Wednesday, March 13, 2019
A story from Pushkin that is well ahead of its time
Reading further in the 1966 collection from Norton (Aitken, ed. and tr.) of Pushkin's complete prose fiction, it becomes clear that in his "comic" stories Pushkin is a sucker for Shakespearean plots, in which feuding families/neighbors find reconciliation when their children fall in love with each other (that's where we seem to be heading in the novel-length yet unfinished work Dubrovsky) or in which one of the young lovers plays a trick and disguises herself as a servant w/ whom the guy falls in love and eventually learns - surprise! - that she's the one the parents had hoped he'd fall in love w/ after all (cf, As you Like It). (These plot elements btw go back to Roman comedy.) In some ways I find the "tragic" stories more intriguing.
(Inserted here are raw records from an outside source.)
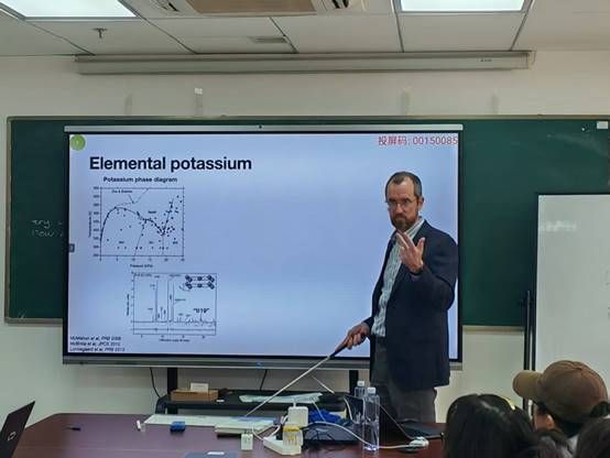 2025年12月2日下午, Andreas Hermann教授在东教楼1104学术报告厅为william威廉英国部分物理学专业和材料与化工专业的博士生、硕士生和青年教师作了题为“From DFT to thermodynamic modelling”的学术报告。报告以近期关于“同时具备固体与液体特征的新物态”的报道为切入点,系统阐述他们研究团队在高压物理与计算材料学领域的系列工作。Andreas Hermann教授从钾的高压相图与非共格宿主—客体结构详细阐述了“链熔融”作为一种热力学中间态的证据与机制,提出了碱金属高压相可作为部分电子化合物的观点,展示了如何利用机器学习分子动力学模拟预测相变、熔化线极值及热力学性质,介绍了基于Bragg-Williams模型的两态热力学理论,解释了金属熔化线中的临界行为。此外,Andreas Hermann教授还介绍了第一性原理计算在高压冰(VII–VIII–X)相变研究中的应用,探讨了隐藏临界点与相图拓扑等前沿问题,展望了机器学习在预测复杂材料行为方面的潜力。报告期间,Andreas Hermann教授与在场师生就高压相变机理、机器学习势函数开发等相关问题展开了深入讨论并细致回答了师生提问。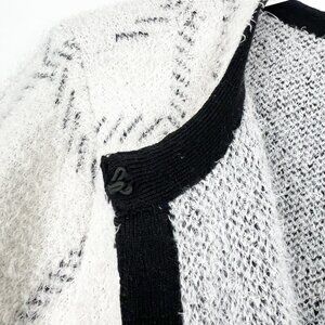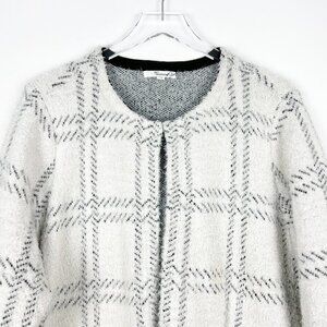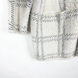 89th & Madison Cardigan Womens 1X White Black Windowpane Plaid Eyelash Knit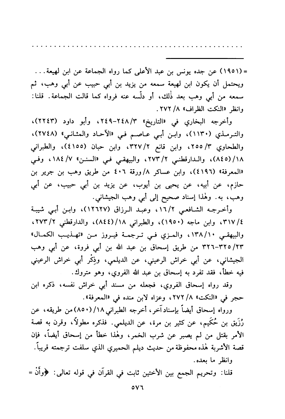 = (١٩٥١) عن جده يونس بن عبد الأعلى كما رواه الجماعة عن ابن لهيعة ... ويحتمل أن يكون ابن لهيعة سمعه من يزيد بن أبي حبيب عن أبي وهب، ثم سمعه من أبي وهب بعد ذلك، أو دلّسه عنه فرواه كما قالت الجماعة. قلنا: وانظر "النكت الظراف" ٨/٢٧٢.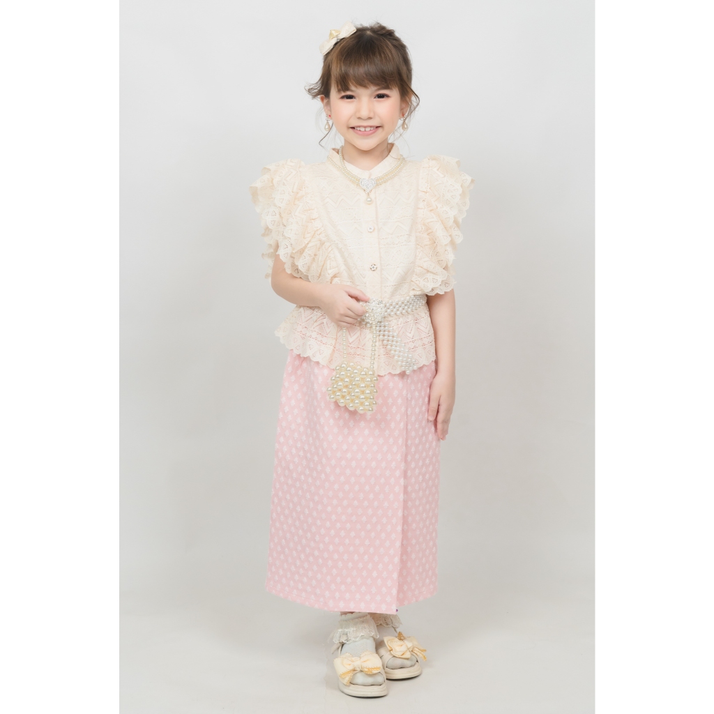 BS007 ชุดไทยประยุกต์เสื้อลูกไม้พร้อมผ้าถุง แม่และลูกชุดเซ็ท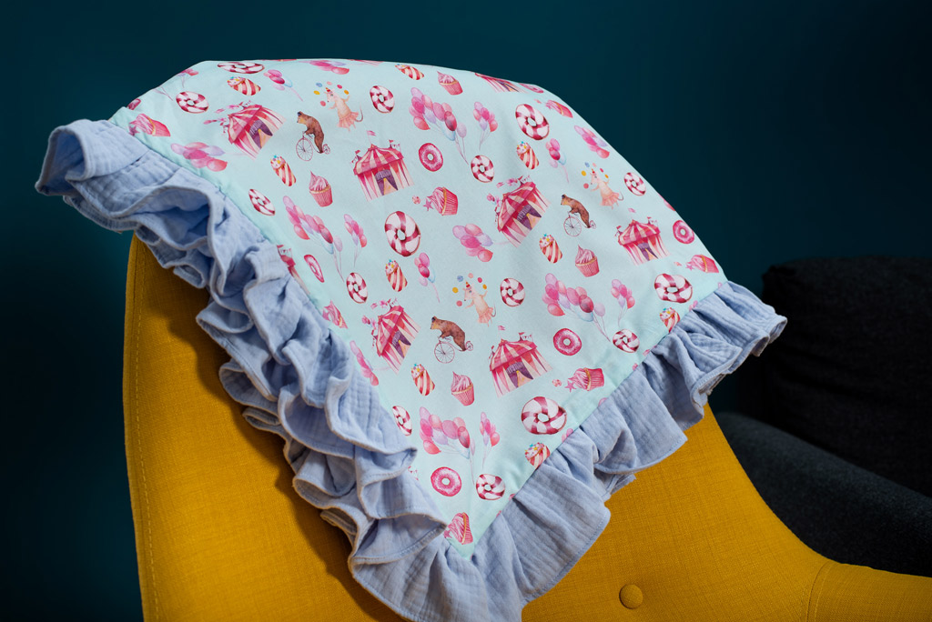 Pãturicile noastre sunt realizate manual cu multã dragoste și atenție la detalii.Pãturica plușatã poate fi un cadou inspirat pe care sã îl oferiți noilor pãrinți, iar pentru bebe un obiect de neuitat. Pãturicile noastre sunt realizate din cele mai bune materiale, certificate Oeko-Tex. Aceastã pãturicã este realizatã din bumbac imprimat digital, culorile fiind astfel foarte rezistente la spãlare. Plush-ul este subțire și plãcut la atingere, iar volãnașul decorativ, realizat din muselinã, poate fi foarte atrãgãtor pentru bebeluș.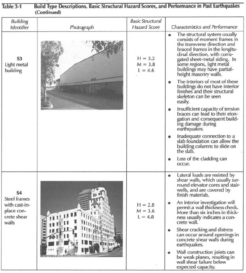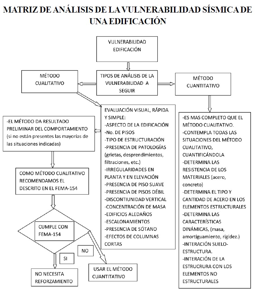El método usado en los Estados Unidos por el Federal Emergency Management Agency (FEMA), conocido como FEMA‐154, es un método cualitativo, el cual para la determinación de si se reforzará la edificación lo hace a través de un índice, si el resultado de la evaluación es menor o igual que dos (= 2) hay que usar un método más detallado que conlleva el análisis de la edificación con análisis primeramente lineal, si cumple no hay que reforzar, si no cumple hay que hacer un análisis no lineal de la edificación, si cumple no hay que reforzar y si no cumple definitivamente hay que reforzarla. Si el índice de la metodología es mayor o igual que dos (= 2), no necesita reforzamiento, el índice 2 significa que la edificación tiene una probabilidad de 1 a 100 de que colapse.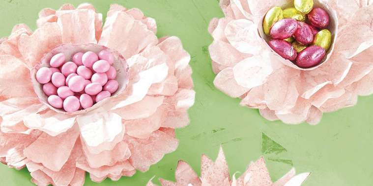 To make: Submerge regular-size white coffee filters (you’ll need four to six for each flower) in a watered-down Rit Dye solution like Petal Pink; dry completely. Cut into flower shapes of various sizes, and stack largest to smallest. Attach at centers with craft glue. Glue a homemade or store-bought candy cup or cupcake cup to the center of each. Fill with candy, preferably chocolate (Right?), and eat.
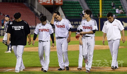 11일 서울 잠실야구장에서 열린 ‘2019 신한은행 MY CAR KBO리그’ 두산 베어스와 LG 트윈스의 경기에서 두산이 8-4로 승리하며 3연승을 질주했다. 경기 후 LG 선수들이 고개를 떨군 채 덕아웃으로 향하고 있다. 잠실|김진환 기자 kwangshin00@donga.com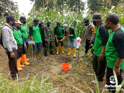 RANDUBLATUNG, PERHUTANI (30/12/2020) | Lembaga Masyarakat Desa Hutan (LMDH) Langen Jati binaan Perum Perhutani Kesatuan Pemangkuan Hutan (KPH) Randublatung bersama Pusat Penelitian dan Pengembangan (Puslitbang) Perhutani melakukan kerjasama penelitian agroforestri tanaman Jati dan Jeruk di dalam kawasan hutan petak 111, Resort Pemangkuan Hutan (RPH) Bogorejo, Bagian Kesatuan Pemangkuan Hutan (BKPH) Tanggel, KPH Randublatung pada Rabu (30/12).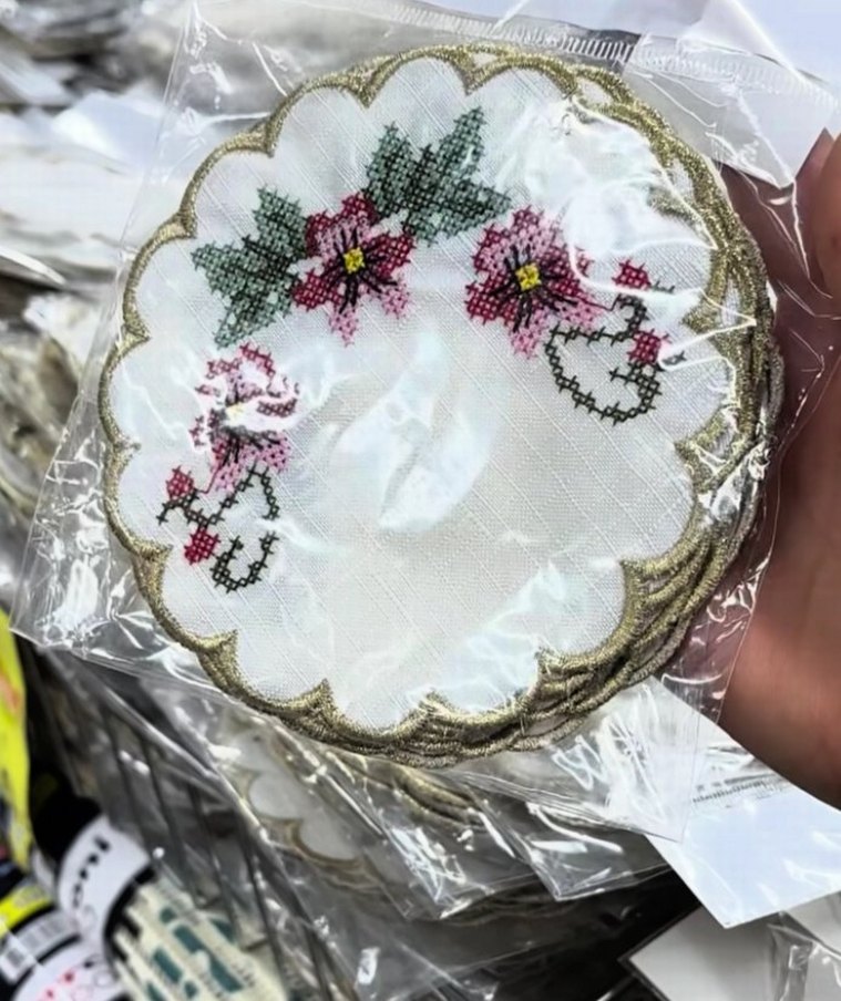 kahve sunum peçetesi Beyaz kumaş üzerine işlenmiş pembe çiçekler ve yeşil yapraklar bulunan, altın renkli kenar detaylı yuvarlak amerikan servis. 6 adetten oluşmaktadır.. yeni ürün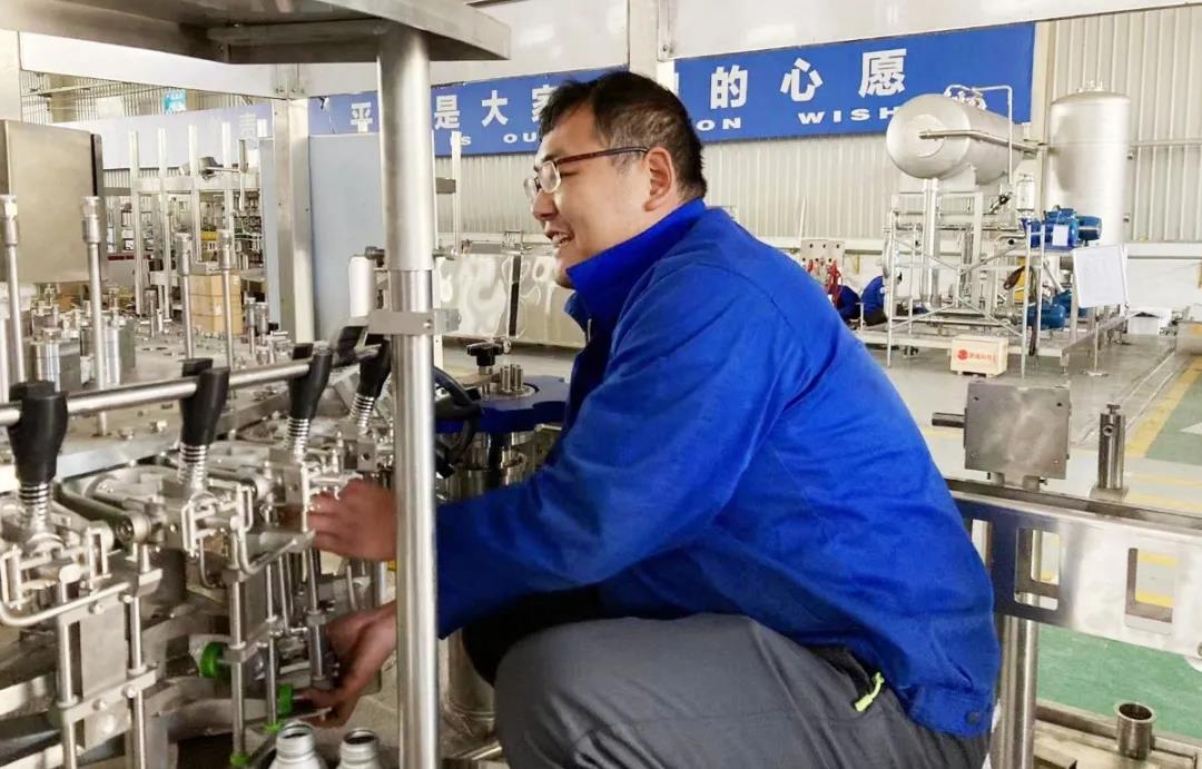 Yu Feiyang, who entered the factory in 2013, is a kind and lovable young man. After a period of hard study, he quickly mastered the skills of a toolmaker and has rich experience in assembling and adjusting various filling machines and unloading box machines. In 2021, Yu Feiyang spent more than 150 days traveling abroad, leaving footprints in Qingdao, Pingdu, Jining, Kunming and other cities. He provided excellent installation services and technical guidance for many customers, including Qingdao Kelan, Jining Dexin Brewery, and Shandong Jinwang, and received many letters of commendation from customers.

The Postmaster is one, told by a narrator who encounters the village postmaster a few times over the course of several years. At their first encounter the narrator is smitten w the beauty of the postmaster's 14-year-old daughter; the narrator kisses her, in a moment that he recalls with pleasure for the rest of his life but which seems to us creepy and perhaps even abusive - and that should be a hint about the true character of this seemingly lovely and charming young woman. On a later visit, the much-remembered daughter is absent and the narrator asks the postmaster how she's doing, to which he replies: Who knows? After some drinks he proceeds to tell how the daughter ran away w/ a soldier and despite his visit and entreaties refused to return home. So we get a sense that life with father was maybe not all that pleasant - could he have been abusive? - and that she has a more sinister side to her seemingly youthful and spirited personality - otherwise, her behavior is bizarre even by Russian-fiction standards. In the final visit to the site, the narrator learns that the postmaster has died, and he visits the lonely and dispiriting grave site, learning from the boy who led him there that a woman had recently paid a tearful visit to the site - so there are other, unknown and unexplained elements to the daughter's personality to her story. All told, it's a fine story full of suggestion and innuendo that has the kind of "open" ending - rather than all the knots tied - that was nearly unique in Pushkin's time (the 1820s) and is now - post-Joyce - is a well-established mode for short fiction.